3D Object Detection with a Self-supervised Lidar Scene Flow Backbone
Emeç Erçelik, Ekim Yurtsever, Mingyu Liu, Zhijie Yang, Hanzhen Zhang, Pınar Topçam, Maximilian Listl, Yılmaz Kaan Çaylı, Alois Knoll
State-of-the-art 3D detection methods rely on supervised learning and large
labelled datasets. However, annotating lidar data is resource-consuming, and
depending only on supervised learning limits the applicability of trained
models. Against this backdrop, here we propose using a self-supervised training
strategy to learn a general point cloud backbone model for downstream 3D vision
tasks. 3D scene flow can be estimated with self-supervised learning using cycle
consistency, which removes labelled data requirements. Moreover, the perception
of objects in the traffic scenarios heavily relies on making sense of the
sparse data in the spatio-temporal context.

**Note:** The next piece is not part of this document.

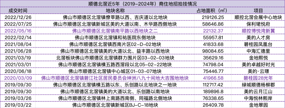 顺德北滘近5年(2019-2024年)商住地招拍挂情况

Our main contribution leverages
learned flow and motion representations and combines a self-supervised backbone
with a 3D detection head focusing mainly on the relation between the scene flow
and detection tasks. In this way, self-supervised scene flow training
constructs point motion features in the backbone, which help distinguish
objects based on their different motion patterns used with a 3D detection head.
Experiments on KITTI and nuScenes benchmarks show that the proposed
self-supervised pre-training increases 3D detection performance significantly.